### Assigned task:
Output every line below exactly, please, omitting pictures.

Records for the exercise Start Marker

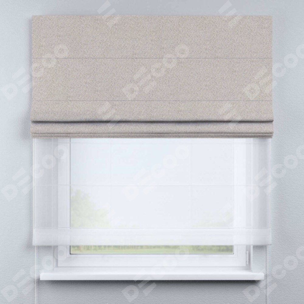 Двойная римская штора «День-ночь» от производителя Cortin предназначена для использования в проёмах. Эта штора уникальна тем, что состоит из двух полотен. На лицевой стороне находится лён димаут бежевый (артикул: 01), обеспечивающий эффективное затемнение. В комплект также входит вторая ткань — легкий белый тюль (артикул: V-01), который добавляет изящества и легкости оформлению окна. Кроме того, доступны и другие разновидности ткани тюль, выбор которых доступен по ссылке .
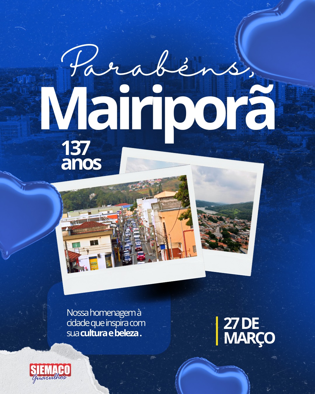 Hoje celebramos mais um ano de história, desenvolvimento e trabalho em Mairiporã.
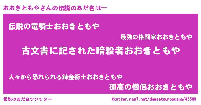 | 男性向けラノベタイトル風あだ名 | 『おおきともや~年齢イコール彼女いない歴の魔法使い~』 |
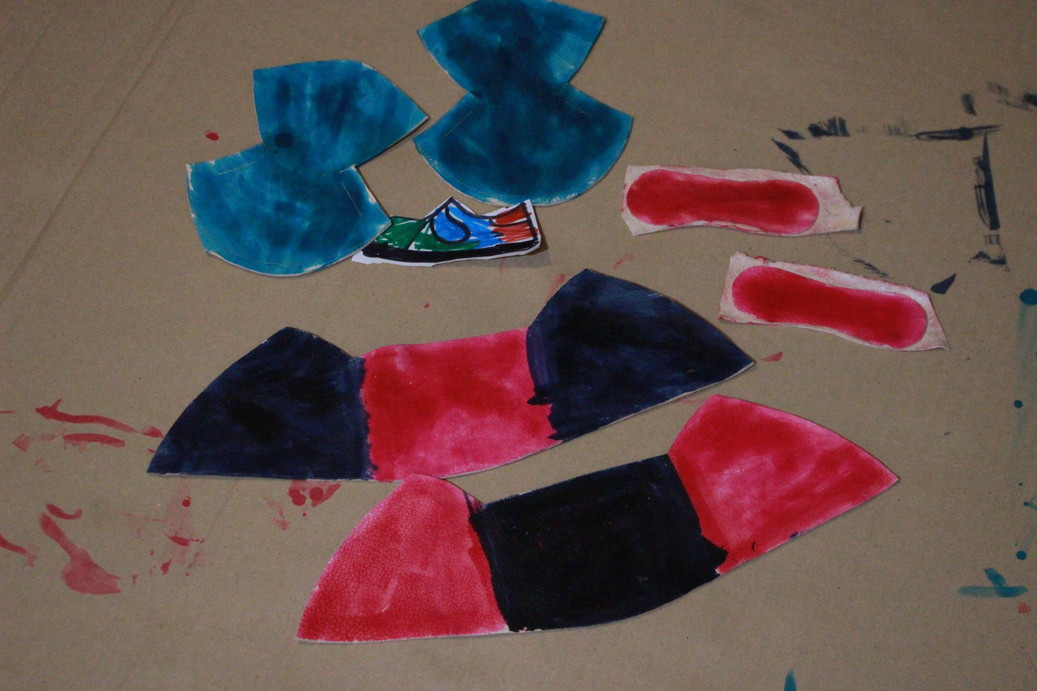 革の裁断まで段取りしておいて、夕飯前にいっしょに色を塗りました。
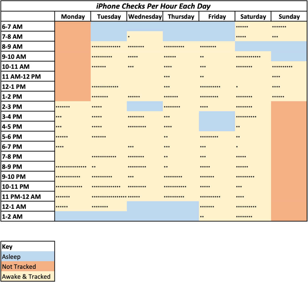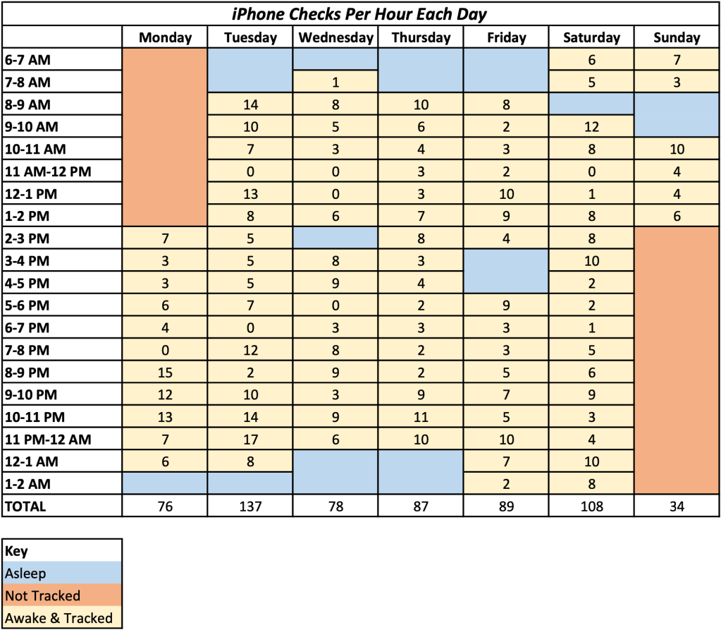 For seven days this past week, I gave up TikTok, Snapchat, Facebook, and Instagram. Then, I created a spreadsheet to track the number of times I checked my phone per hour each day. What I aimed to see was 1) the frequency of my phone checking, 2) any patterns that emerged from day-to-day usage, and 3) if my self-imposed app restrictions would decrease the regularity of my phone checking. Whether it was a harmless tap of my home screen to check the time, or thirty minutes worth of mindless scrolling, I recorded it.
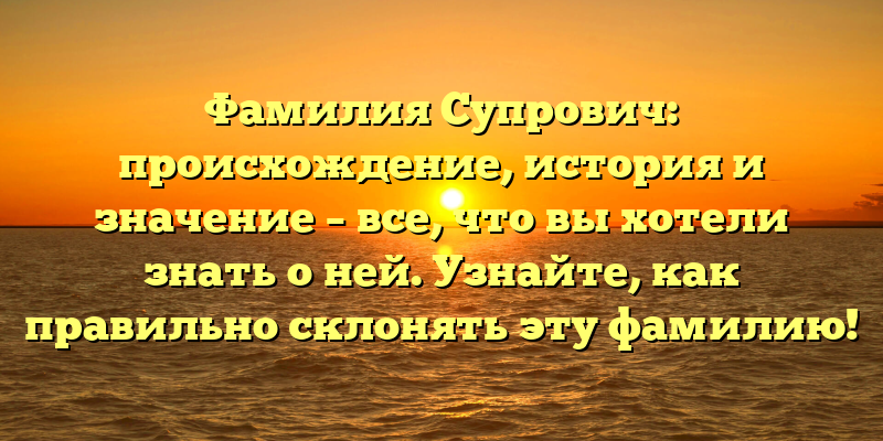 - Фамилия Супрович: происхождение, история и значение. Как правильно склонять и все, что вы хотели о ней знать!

Records for the exercise End Marker

### Solution to the problem:
 Двойная римская штора «День-ночь» от производителя Cortin предназначена для использования в проёмах. Эта штора уникальна тем, что состоит из двух полотен. На лицевой стороне находится лён димаут бежевый (артикул: 01), обеспечивающий эффективное затемнение. В комплект также входит вторая ткань — легкий белый тюль (артикул: V-01), который добавляет изящества и легкости оформлению окна. Кроме того, доступны и другие разновидности ткани тюль, выбор которых доступен по ссылке .
 Hoje celebramos mais um ano de história, desenvolvimento e trabalho em Mairiporã.
 | 男性向けラノベタイトル風あだ名 | 『おおきともや~年齢イコール彼女いない歴の魔法使い~』 |
 革の裁断まで段取りしておいて、夕飯前にいっしょに色を塗りました。
 For seven days this past week, I gave up TikTok, Snapchat, Facebook, and Instagram. Then, I created a spreadsheet to track the number of times I checked my phone per hour each day. What I aimed to see was 1) the frequency of my phone checking, 2) any patterns that emerged from day-to-day usage, and 3) if my self-imposed app restrictions would decrease the regularity of my phone checking. Whether it was a harmless tap of my home screen to check the time, or thirty minutes worth of mindless scrolling, I recorded it.
 - Фамилия Супрович: происхождение, история и значение. Как правильно склонять и все, что вы хотели о ней знать!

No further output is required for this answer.